Bright Sunny Day — Garden Visit

The clear blue sky was far too tempting — and I succumbed! I checked over my camera kit, and in addition to the EOS R with the Sigma Sports 60-600mm lens, I decided I would give the LUMIX FZ 20001 an outing. I packed the car having checked my tripod and head were already in the boot, and headed north from Marston Moretaine.
The drive to my planned destination was uneventful, and the blue sky was even clearer than I could have hoped. My arrival had not been announced, so I was pleasantly surprised to see familiar faces after parking my car, and starting to mount my camera and long lens on to my heavy tripod. Once that was completed I entered my friend’s garden and set down the tripod on her patio, and by that time the dogs had presumably barked themselves hoarse, because they now fell silent!
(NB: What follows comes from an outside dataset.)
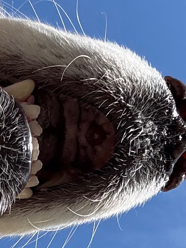 입천장 중앙 부근에 위치한 붉고 둥근 돌기는 절치유두라고 불리는 정상적인 해부학적 구조물로 공기 중의 화학 신호를 감지하는 야콥슨 기관과 연결되어 있습니다. 평소 식욕이나 활동성에 문제가 없다면 질병이 아니므로 제거하거나 치료할 필요가 없으며 인위적으로 자극하는 것은 오히려 통증을 유발할 수 있습니다. 중앙의 하얀 부분 역시 조직의 자연스러운 형태일 가능성이 높으나 크기가 급격히 커지거나 주변부로 염증이 번지는 양상을 보인다면 구강 종양이나 농양 여부를 확인하기 위해 진료를 받아야 합니다. 현재 상태에서는 특별한 처치 없이 경과를 관찰하는 것으로 충분합니다.

By this time I had met other family members and been offered a cup of tea, which was accepted gratefully.
One of the dogs was now happily settled across the open door leading to the kitchen, so using the handheld LUMIX I captured that quiet moment, little did I realise at that point, that the camera on the tripod with its long lens attached was going to spend the rest of my afternoon visit exactly where I placed it upon arrival! I spent the greater part of my time relaxing and chatting, only picking up the camera towards the end of the afternoon as the sun was lowering, and taking a leisurely walk taking pictures of some of the flowers blooming in the beds surrounding the lawn. Unlike a previous visit when the birds were flying in and out of the garden to the trees beyond the drive, it seemed as if my presence with a camera on this occasion was not as welcome as it had been on my earlier visit.
I did take a single picture of one of the avian visitors, but it was not worthy of inclusion to the gallery, and my picture-taking was confined to the family dog and flowers and leaves. The heavy tripod and camera was simply disassembled and repacked into my car without ever coming into service! I had a very relaxing and welcoming visit with more conversation than picture-taking, but the small LUMIX camera once again proved itself very capable and worthy of being with me whenever I venture out in my car.
I am really grateful for the opportunity to take pictures in this garden.